Evolution of the medical practices and modes of death on pediatric intensive care units in southern Brazil
- PMID: 15857521
- DOI: 10.1097/01.PCC.0000154958.71041.37
Evolution of the medical practices and modes of death on pediatric intensive care units in southern Brazil
Abstract
Objectives: To study the possible change on mode of deaths, medical decision practices, and family participation on decisions for limiting life-sustaining treatments (L-LST) over a period of 13 yrs in three pediatric intensive care units (PICUs) located in southern Brazil.
Methods: A cross-sectional study based on a retrospective chart review (1988 and 1998) and on prospective data collection (from May 1999 to May 2000).
Setting: Three PICUs in Porto Alegre, southern Brazilian region.
Patients: Children who died in those PICUs during the years of 1988, 1998, and between May 1999 and May 2000.
Results: The 3 PICUs admitted 6,233 children during the study period with a mortality rate of 9.2% (575 deaths), and 509 (88.5%) medical charts were evaluated in this study.
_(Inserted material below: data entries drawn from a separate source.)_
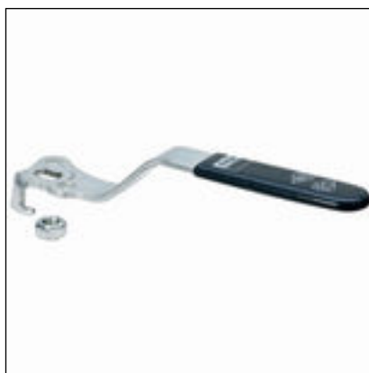
Fig. 1: Modell 2275.93 Easytop-betjeningshendel L-form
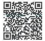
教案教學活動表單
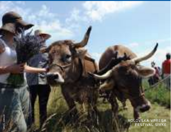
VOLOVSKA VPREGA FESTIVAL SIVKE
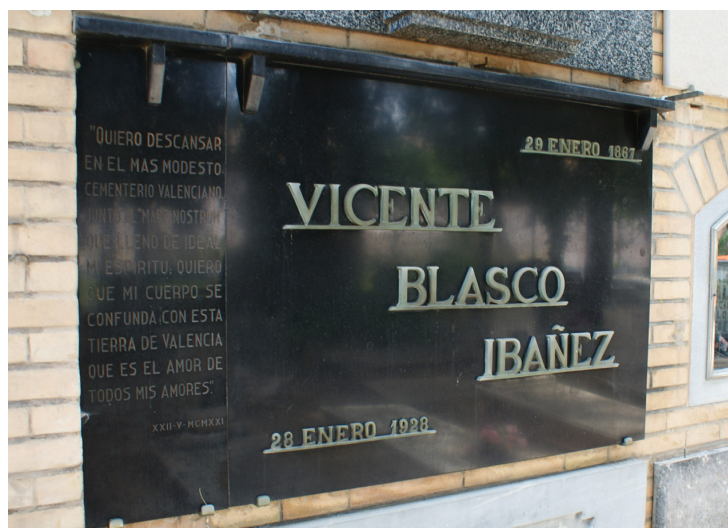
Imagen 6. Tumba del escritor Vicente Blasco Ibáñez. Cementerio Civil, sección 4ª Izquierda.
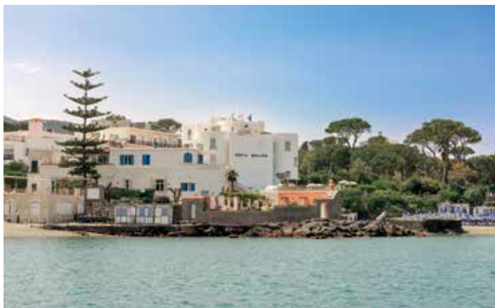
Punta Molino Beach Resort & Thermal Spa, Ischia
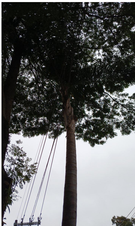
Figura 7. Registro do contato com a rede de distribuição
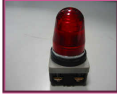
Resim 1.11: Teneffüs saatlerini bildiren ışıklı alarm
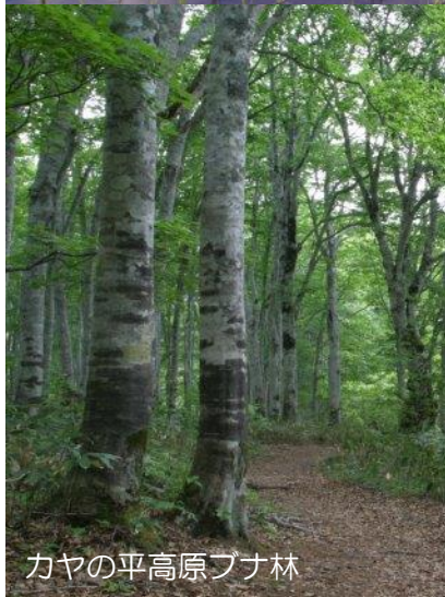
カヤの平高原ブナ林
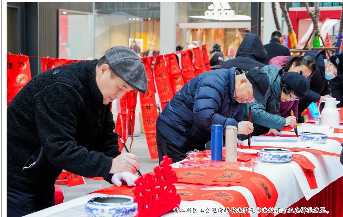
曲江新区工会邀请的书法家及书法爱好者正在挥毫泼墨。
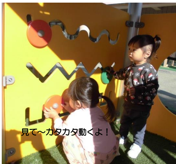
見て～カタカタ動くよ！
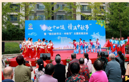
9月25日,中建七局四公司承办西安市“喜迎十四运 情满中秋节”活动,公司志愿者走进社区,与居民们共享中秋文化大餐。(陈春春、王帅)
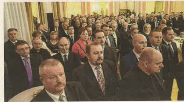
A hagyományos újévi fogadáson több százan emelték poharukat a sikerekre

házásait is tartalmazó másfél milliárdos projekt előkészítése és tervezése lezajlott, így 29 helyszínen kezdődnek 2018-ban útfejlesztések. Emellett a szakemberek tervezik a Zalaegerszeget az M8-as úttal, Vasvárral összekötő kétszer kétsávos gyorsforgalmi utat, a városunkat az M7-es autópályával összekötő R76-os kétszer kétsávos gyorsforgalmi út
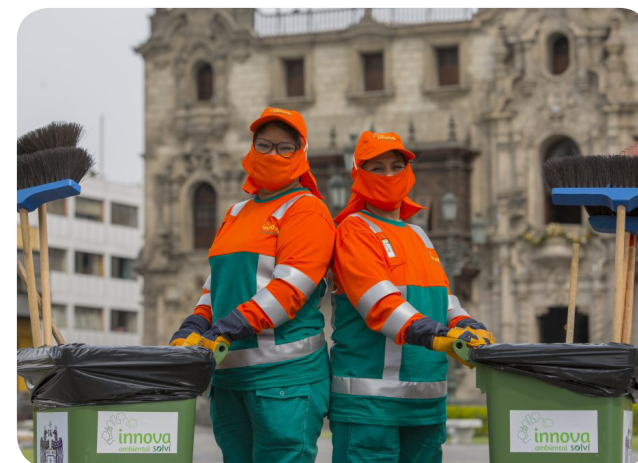
■ Advierte que Innova Ambiental brinda el servicio de limpieza pública hace 27 años en Lima Centro.

Las empresas deben implementar transparencia en sus contratos y actuar de acuerdo a ley. Asimismo, los municipios deben controlar los trabajos que realizan porque hay varios distritos cuyas avenidas principales se han convertido en un muladar donde se bota la basura y muchas veces no se recoge nunca, por lo que podría llegar a afectar a la población. Otro problema son las aguas residuales de Lima ya que lamentablemente no están siendo atendidas de manera correcta.
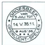
Afb. 18 Het Groesbeek-stempel zoals het staat afgedrukt in het Stempelboek van de PTT, met als datum 14.V.36. Dit is de datum waarop het door 's Rijks Munt werd opgeleverd. Op 16 mei is het naar het postkantoor in Groesbeek gestuurd.

Over de openluchtspelen in Groesbeek schrijft G.G. Driessen in enkele van zijn boeken 1). Het grote Bijbels openluchtspel, genaamd "De Verloren Zoon", werd opgevoerd door de Propagandaclub Leo XIII. Als plaats van handeling was "'t Koepeltje" gekozen, een bosvijvertje met een bijzonder mooie ligging. Tijdens de eerste voorstelling waren er foto's gemaakt, die later als ansichtkaarten verkocht werden (afb. 20). Het decor, de garderobe en de toneelrekwisieten waren door de leden van de Club zelf vervaardigd.
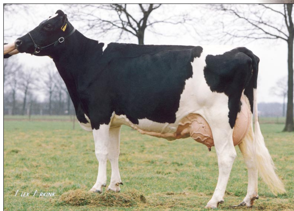
Southland Diëna 63 (v. Bell Rex), 87 punten. Prod.: 1,11 305 10.039 4,72 3,47 LW 145

In Italië Southland Vitus, in Nederland De Crob Dynasty CV. Dit voorjaar braken de twee halfbroers bijna tegelijkertijd hoog door in de indexlijsten. Vitus, zoon van de Italiaanse vererver Cesar Mascot Valentein, neemt in Italië de derde plaats in en scoort omgerekend € 191 DPS en 114 exterieur. Broer Dynasty (v. Lucky Leo) doet niet voor hem onder en staat met zijn € 313 DPS en 111 exterieur in de Nederlandse toptien.
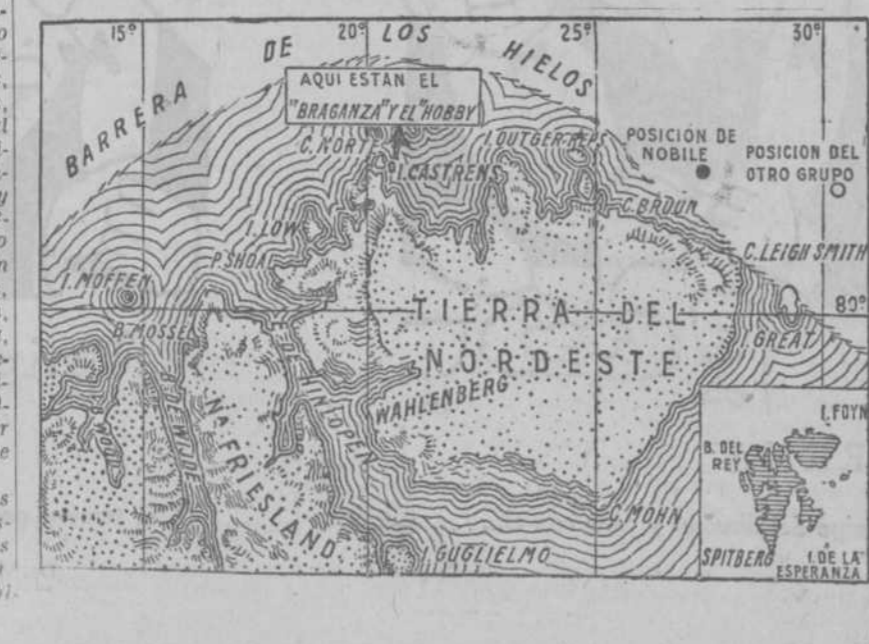
Map showing the location of King's Bay and Spitzberg in the Arctic region.

Fué el debelador de la revolución y el apologista formidable de las grandes instituciones sobre que se asientan el orden y la sociedad actual. Cantó como pocas la monarquía, la familia, la propiedad, el ejército, las órdenes religiosas y, sobre todo, la Religión, la Iglesia y la Patria. Con fragmentos de sus artículos, de sus discursos y libros a
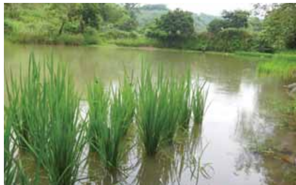
種植田鱉米的農田
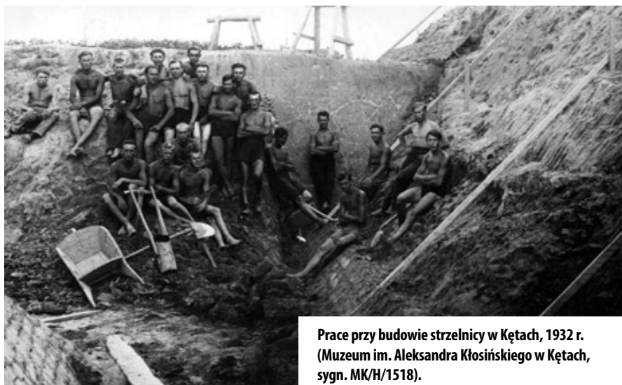
Prace przy budowie strzelnicy w Kętach, 1932 r. (Muzeum im. Aleksandra Kłosińskiego w Kętach, sygn. MK/H/1518).

Full measures for life support (F-CPR) were recognized in 374 (73.5%) children before dying, brain death (BD) was diagnosed in 43 (8.4%), and 92 (18.1%) underwent some limitation of life support treatment (L-LST) There were 140 (27.5%) deaths within the first 24 hrs of admission and 128 of them (91.4%) received F-CPR, whereas just 11 (7.9%) patients underwent L-LST. The average length of stay for the death group submitted to F-CPR was lower (3 days) than the L-LST group (8.5 days; p < .05). The rate of F-CPR before death decreased significantly between 1988 (89.1%) and 1999/2000 (60.8%), whereas the L-LST rose in this period from 6.2% to 31.3%. These changes were not uniform among the three PICUs, with different rates of L-LST (p < .05). The families were involved in the decision-making process for L-LST in 35.9% of the cases, increasing from 12.5% in 1988 to 48.6% in 1999/2000. The L-LST plans were recorded in the medical charts in 76.1% of the deaths, increasing from 50.0% in 1988 to 95.9% in 1999/2000.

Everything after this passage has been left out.